Саша осторожно перепрыгнула через радужную от бензиновых разводов лужу и подошла ближе к колесу. На одном из сидений – тех, которым выпало оказаться на земле во время остановки – съежившись в комок, лежал огромный, тощий, заросший мужчина и громко, с повизгиванием, плакал.

– Вы в порядке? – Саша тронула его за плечо. Мужчина испуганно дернулся, с шумом упав с сиденья – колесо обозрения тоже ответило мрачным, обиженным скрипом – и с оторопью посмотрел на нее.

– Are you alive? – он заикался. Зубы стучали, не попадая друг на друга, и простую фразу он силился выговорить несколько минут. Глаза его были навыкате, взгляд метался по сторонам, крючковатый массивный нос был красным, словно у алкоголика, на щеках торчала щетина, а лицо было перекошено в гримасе неистового, животного ужаса.

Саша почувствовала, как по спине забегали мурашки.

– Вы в порядке… сэр? – английский плохо вспоминался, ведь на уроках, вместо того, чтобы слушать учительницу, Саша, как правило, лежала на последней парте и либо читала книгу, либо рисовала, либо, если книгу конфисковывали, а когда не было идей для рисунка, отчаянно считала минуты до конца урока. – Меня зовут Саша. Как зовут вас?

– Эрик. Саша, вы знаете, как отсюда выбраться? Вы умеете просыпаться? Понимаете, я… я… я уже второй месяц здесь, я не подписал бумаги, и у меня не получается проснуться, сколько бы я ни пытался. Они не дадут мне проснуться. Они не дадут проснуться и вам.

– Что значит – проснуться?

Эрик, отвлекшись от созерцания собственных коленей, посмотрел на нее долгим, пугающим взглядом. В этом взгляде собралось все: одиночество, стремление с кем-то поговорить, и боязнь того, что тебя не услышат. В этом взгляде Саша увидела чистое, неприкрытое безумие, и на мгновение ей стало страшно. А потом Эрик прикрыл глаза и оказался совершенно нормальным человеком.

– Я тут уже второй месяц. Голод и холод не ощущается, если об этом не думать, жажда – тоже. Только дико хочется курить. Я пытался спать, но если засыпаешь здесь – тут же и просыпаешься. Единственный выход – это сесть на метро и приехать на свою станцию.

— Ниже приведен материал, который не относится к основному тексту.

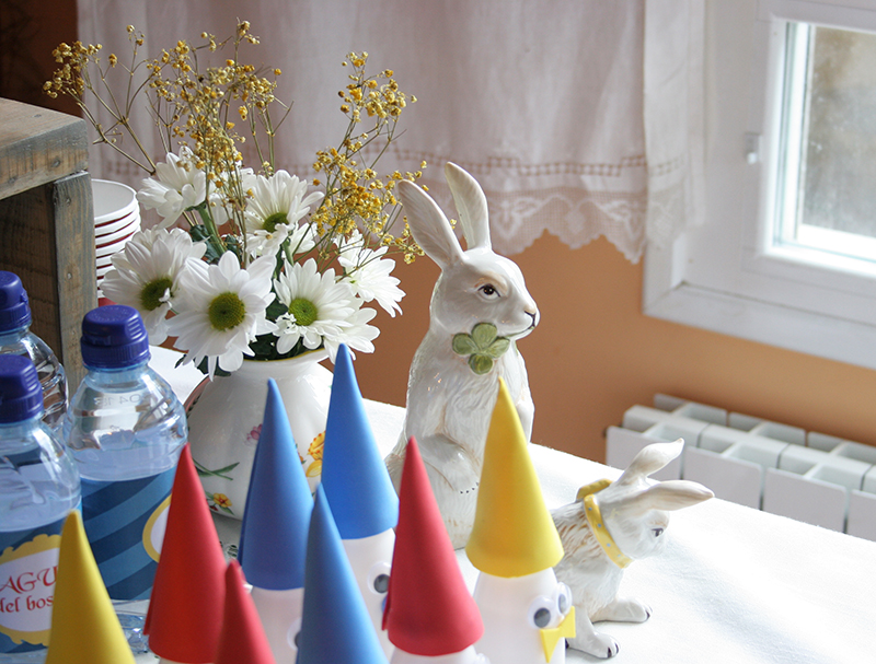 Y por supuesto, flores y animalitos del bosque... En este caso invitamos a unos simpáticos conejos que no dudaron en quedarse... ¿Nos falta alguien?
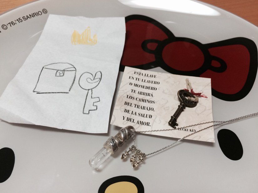 この鍵は、健康や愛をもたらす御守りで、グラナダからマラガに帰る途中で買った。帽子のようなお菓子はポルトガルの田舎の街で路上販売のおばちゃんから購入。皆んなに願いを込めて瞑想してもらうように頼んだ。本当に叶えたいこと、つまり、叶う可能性があること、叶うと信じられるものを選ぶことがポイントね!
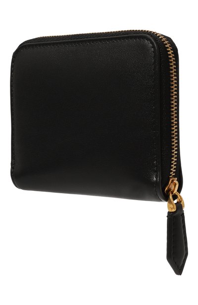 Компактное черное портмоне выполнили из прочной мелкозернистой кожи, устойчивой к появлению потертостей и царапин. Переднюю панель украсили золотистой архивной монограммой Double G и фигурной накладкой из обожженного полированного бамбука. В аксессуаре, закрывающемся на кнопку, предусмотрели четыре слота для пластиковых карт, отделение для купюр и карман с молнией для монет.
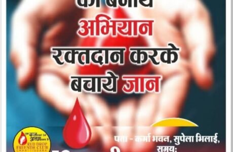 12 फरवरी को रेड ड्रॉप फ्रेंड्स क्लब छत्तीसगढ़ का स्थापना दिवस, रक्तदान शिविर व सम्मान समारोह का आयोजन
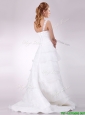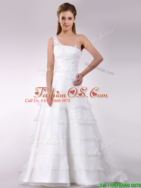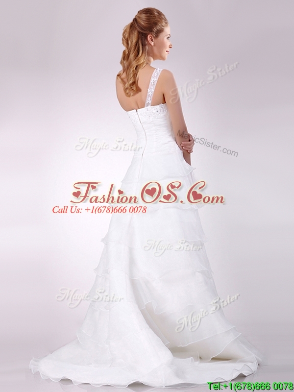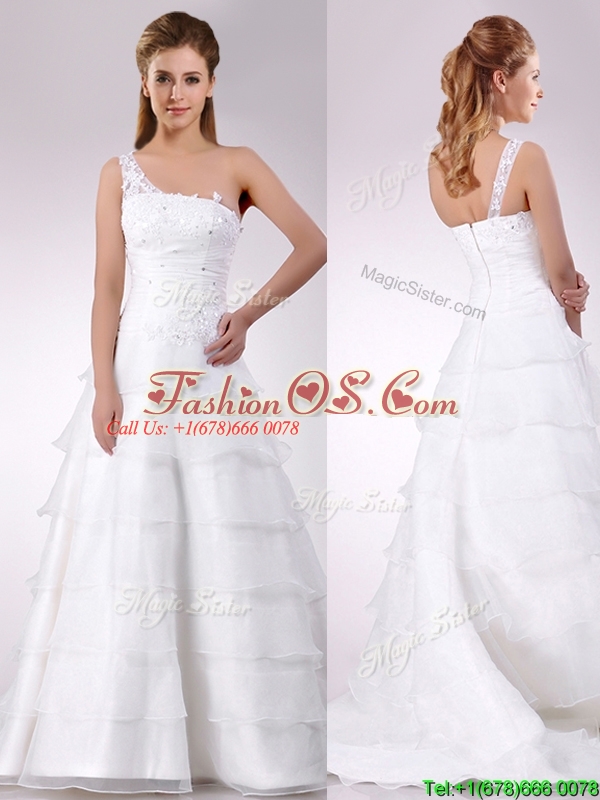 Home >  Wedding Dresses >  Romantic Wedding Dresses > Top Selling One Shoulder Beaded and Ruffled Layered Zipper Up Wedding Dress with Brush Train
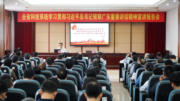 12月3日,省委宣讲团成员、日本a片 党组书记、厅长涂高坤赴省科学技术厅作学习贯彻习近平总书记视察广东重要讲话精神宣讲报告。省科技厅党组书记、厅长王瑞军主持会议。
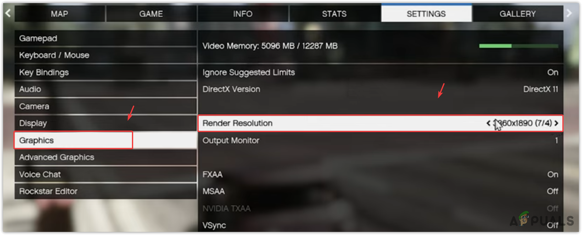 It is possible that FiveM is not utilizing the GPU properly because it does not need to. In this case, you can increase the Graphics Settings, especially the resolution. High resolution renders more pixels, which means the GPU load and its usage should increase by 80% to 90%. With that, we also recommend setting the GPU memory budget all the way up. To do so, follow the steps:
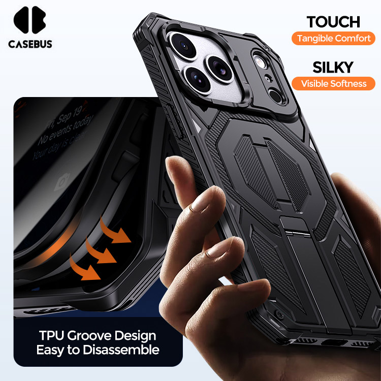 Casebus Slide Camera Cover Phone Case, with Armor, Heavy Duty Shockproof Kickstand Magnetic Car Mount Holder
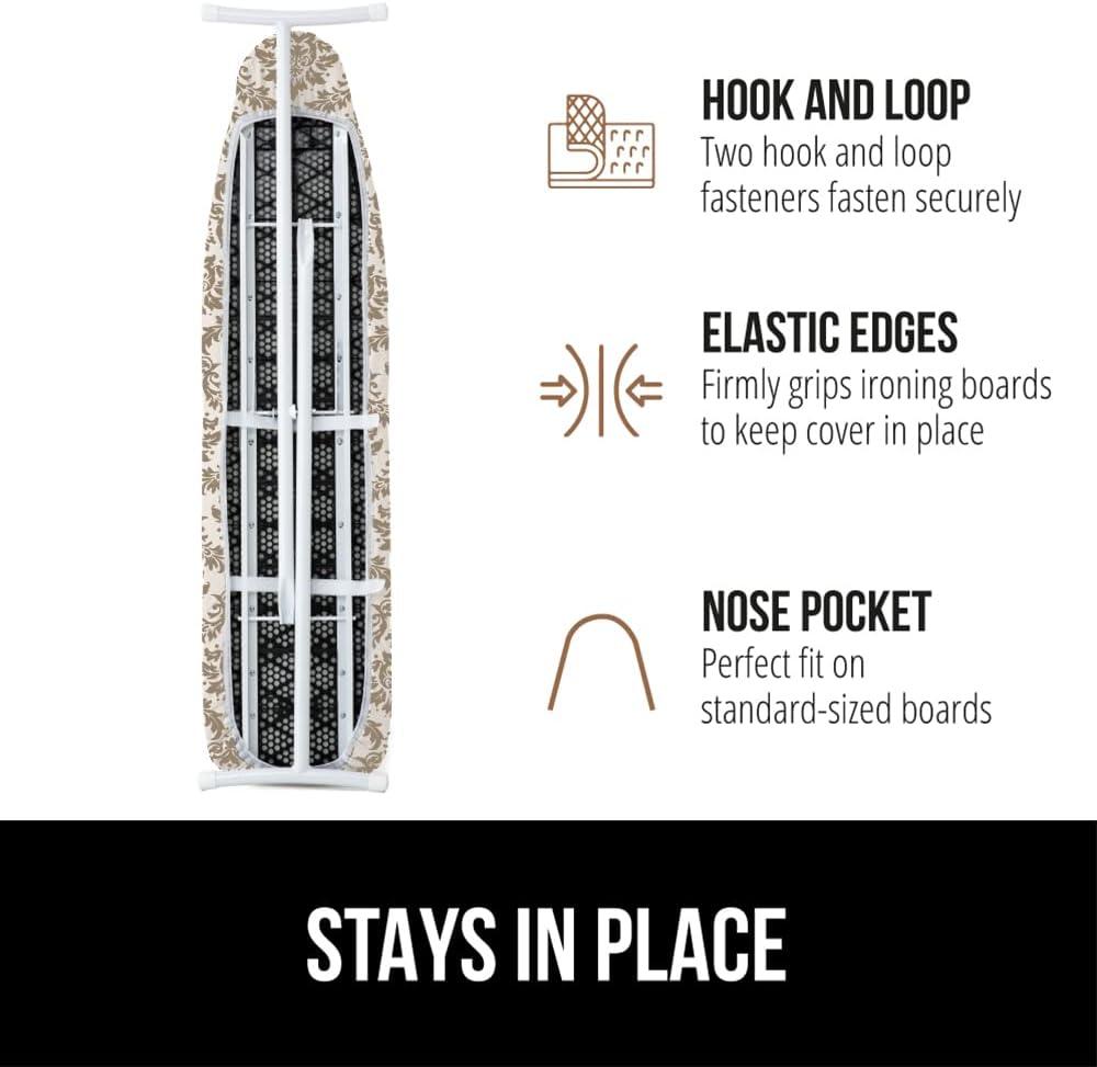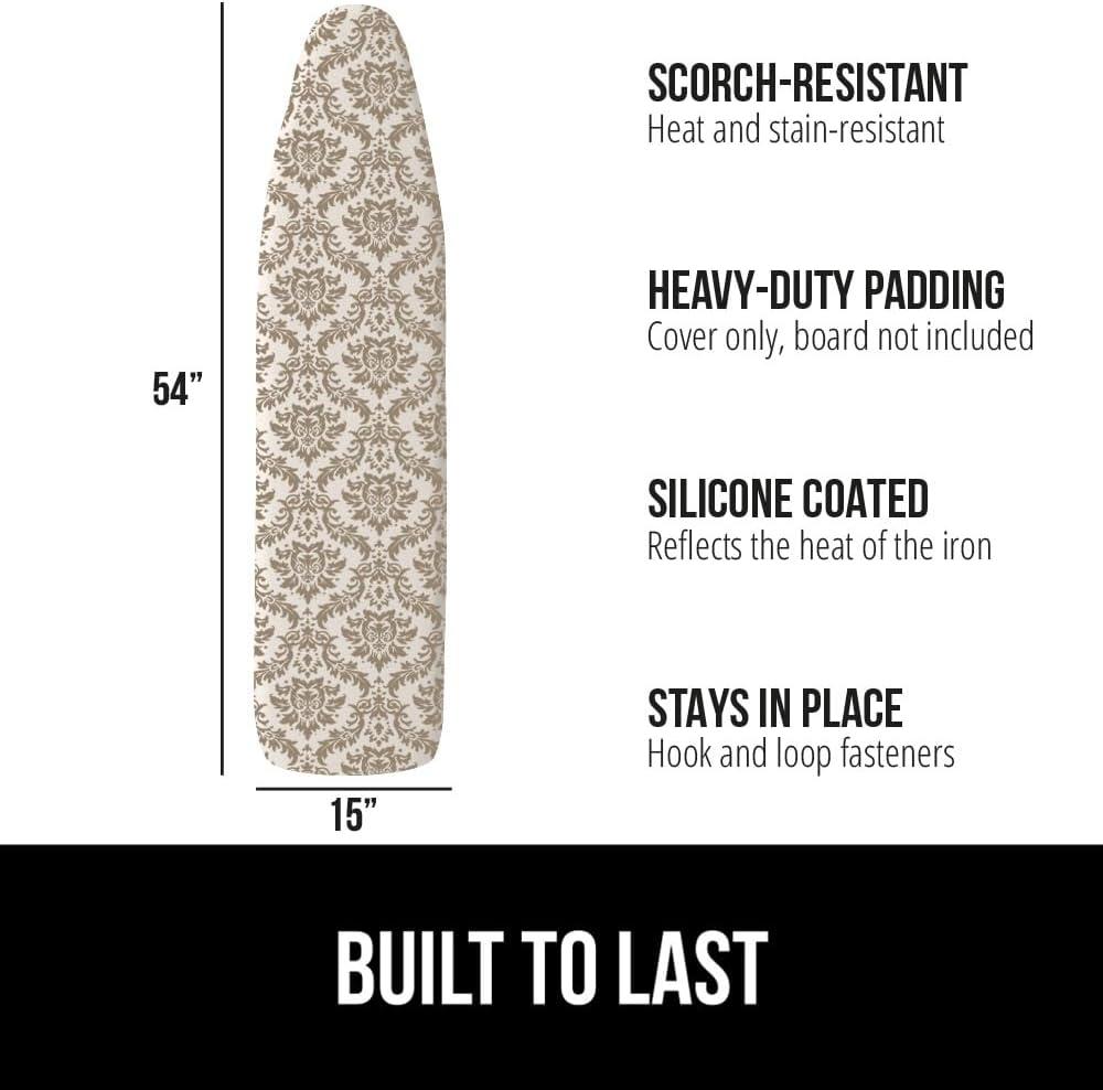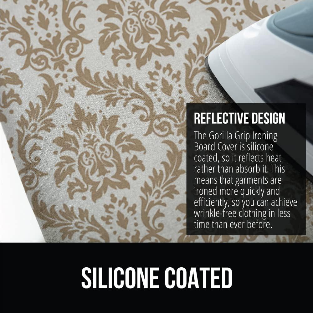 The Original GORILLA GRIP Ironing Board Cover and Pad, Silicone Coating, Thick Scorch Resistant Padding, Heavy Duty Iron Covers Standard Boards, Hook and Loop Fastener Strap, Silver, 15x54(Damask)

– Тогда в чем проблема? Мы найдем станцию метро и сядем.

– Вы не понимаете, – Эрик мягко улыбнулся и пригладил всклокоченные вихры. – Единственное метро находится на севере, а чтобы попасть на север, нужно пройти через город, где сбываются ваши худшие страхи. Пока что я не готов. И, наверное, никогда не буду готовым. Понимаете, слышать ее… Видеть ее руки, сжимающие мое горло… Простите.

– Но земля же круглая, Эрик. Если мы пойдем в другую сторону, мы наверняка дойдем до метро, рано или поздно.

– Вы правы.

Эрик слез со сиденья и выпрямился, оказавшись выше, наверное, даже Аниного папы – а Анин папа был одним из самых высоких людей, которых Саша только видела – и мамы тоже, и, конечно же, куда выше самой Сашки. Она была ему где-то по пояс. Высокий и очень худой, он напоминал Саше Безлицего человека, страшилками о котором Аня пугала ее год назад. Очень бледный, с длинными, до плеч, кудрявыми каштановыми волосами, в какой-то странной полосатой футболке явно с чужого плеча, он казался каким-то ужасно домашним и потерянным.

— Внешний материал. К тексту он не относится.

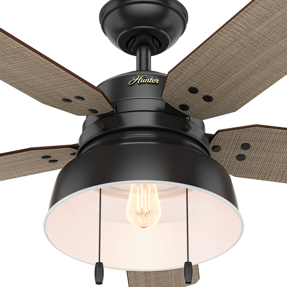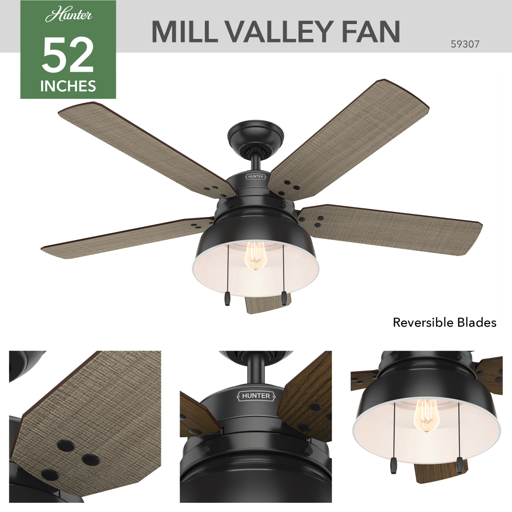 Hunter 59307 - Hunter 52 inch Mill Valley Matte Black Damp Rated Ceiling Fan with LED Light Kit and Pull Chain
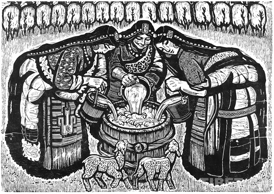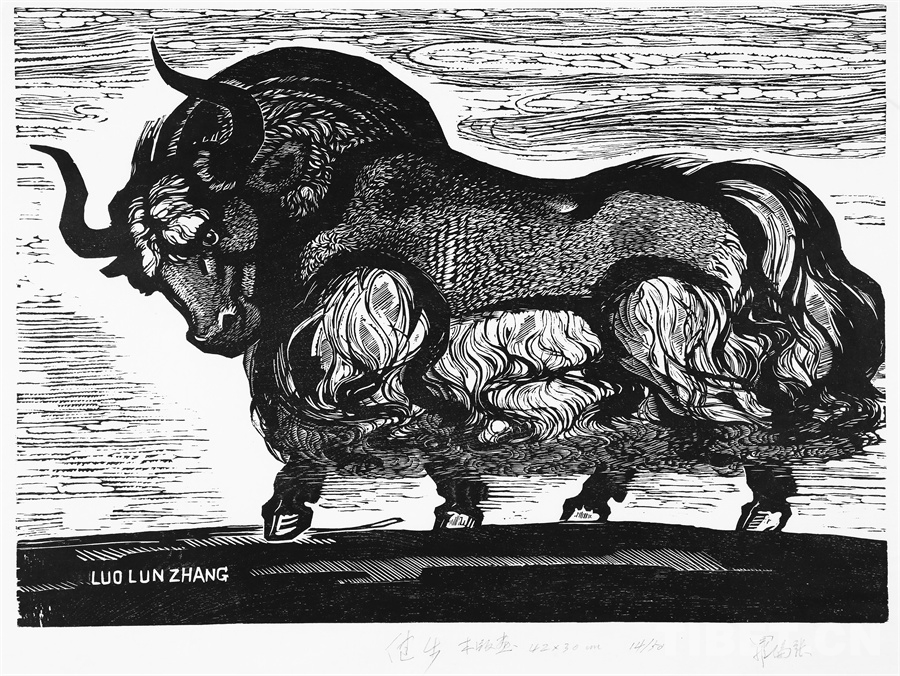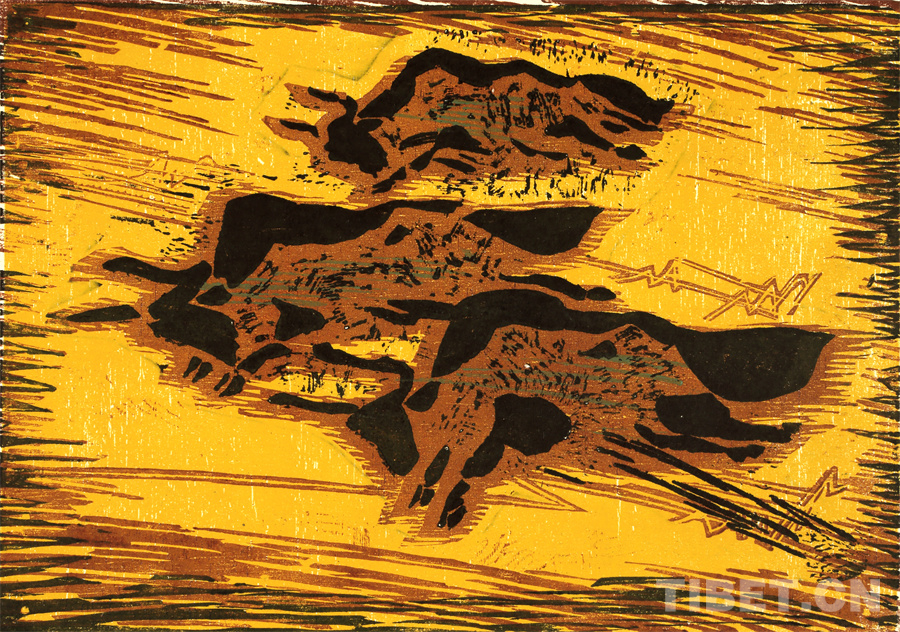 如果非要說我在版畫技法上有什么創(chuàng)新,參照西藏匠人刻經(jīng)文,在石頭上刻出來然后印出來也許就算。這不是一般石版畫概念,那叫石印,平版印刷;我這是凹版印刷??唐饋砗苜M(fèi)勁,我也不管費(fèi)不費(fèi)勁。我有一批這樣的石刻作品。綜合版作品手法較多,我通常分別在石板和木板上刻,然后套起來印。如果搞學(xué)術(shù)交流,也許值得一談。至于說到創(chuàng)新,第一我不認(rèn)為我有什么創(chuàng)新,第二我不認(rèn)為在藝術(shù)上、在美術(shù)上能夠輕易談創(chuàng)新這個(gè)詞。還有第三個(gè)觀點(diǎn):不需要?jiǎng)?chuàng)新。很簡單,你先把傳統(tǒng)學(xué)到手再說。既是傳統(tǒng),就有它的存在理由,否則早就夭折了,還傳什么統(tǒng)呢?傳,而且統(tǒng)?。〗y(tǒng)是什么意思?基調(diào)是它統(tǒng)一起來的。先把傳統(tǒng)學(xué)到手,爐火純青了,神來之筆出現(xiàn)了,才有可能有所創(chuàng)造?;A(chǔ)是重要的。

Подойдя к Саше, Эрик молча взял ее за руку. Ладони у него были мокрые и абсолютно ледяные.

– Я вам не помешаю? Мне просто так куда спокойнее.

Солнце все так же не сдвинулось с мертвой точки – как казалось Саше, оно никогда и не сдвинется – ужасное оранжевое солнце, как на детском рисунке – и палило в затылок. Под ногами шелестела кислотно-зеленая трава, прямо как бумага, как сотни бумажных обрезков, но они упрямо продолжали свой путь.

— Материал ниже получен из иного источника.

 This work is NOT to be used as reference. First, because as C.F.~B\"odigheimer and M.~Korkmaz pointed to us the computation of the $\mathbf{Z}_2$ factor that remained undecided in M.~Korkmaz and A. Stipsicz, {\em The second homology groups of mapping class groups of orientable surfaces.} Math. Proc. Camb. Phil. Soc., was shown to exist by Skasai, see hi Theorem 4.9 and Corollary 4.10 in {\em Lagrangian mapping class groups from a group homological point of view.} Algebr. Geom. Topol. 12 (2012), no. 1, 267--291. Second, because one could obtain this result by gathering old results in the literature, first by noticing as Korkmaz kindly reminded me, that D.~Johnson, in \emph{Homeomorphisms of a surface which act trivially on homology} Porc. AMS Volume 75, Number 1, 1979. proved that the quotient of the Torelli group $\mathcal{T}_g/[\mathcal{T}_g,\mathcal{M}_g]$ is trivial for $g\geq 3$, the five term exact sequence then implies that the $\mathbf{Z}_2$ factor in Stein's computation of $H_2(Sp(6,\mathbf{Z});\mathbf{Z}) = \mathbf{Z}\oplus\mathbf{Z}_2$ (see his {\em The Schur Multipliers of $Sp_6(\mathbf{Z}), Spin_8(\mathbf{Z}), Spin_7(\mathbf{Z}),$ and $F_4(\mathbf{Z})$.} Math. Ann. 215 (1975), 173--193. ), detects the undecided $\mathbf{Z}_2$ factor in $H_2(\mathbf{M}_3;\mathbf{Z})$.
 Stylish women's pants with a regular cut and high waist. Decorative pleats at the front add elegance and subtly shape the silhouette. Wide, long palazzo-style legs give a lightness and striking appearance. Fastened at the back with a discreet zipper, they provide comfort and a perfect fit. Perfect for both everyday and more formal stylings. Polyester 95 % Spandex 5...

Ведь если сидеть в парке, то останешься в нем на всю жизнь. Вырастешь, станешь высоким и взрослым, в паху и на подмышках отрастут волосы, вырастет грудь, рыжая шевелюра сваляется в колтуны, голос будет не писклявый, а какое-нибудь меццо-сопрано, а потом состаришься и умрешь – но так и не проснешься.

Пейзаж настолько однообразный, что описывать его бессмысленно: так, зеленая трава, обломки чего-то ржавого – наверняка следы парка, который пытается разрастись, поглотить тут все, прямо как раковая опухоль – да красное небо. Ни тропинки, ни дороги, только огромная, в рост человеческий, кислотно-зеленая трава.

Разговаривать не хотелось – да и о чем бы они разговаривали? В другое время Саша бы спросила, каково это, – жить в другой стране. Ведь у иностранцев, наверное, все иначе? О чем думают? Какое у них мировоззрение? Но солнце немилосердно жгло затылок, трава хлестала по ногам, а по лицу тек пот солеными каплями.

* * *

– Река, – Эрик изрек очевидную вещь. – Дальше не пройти.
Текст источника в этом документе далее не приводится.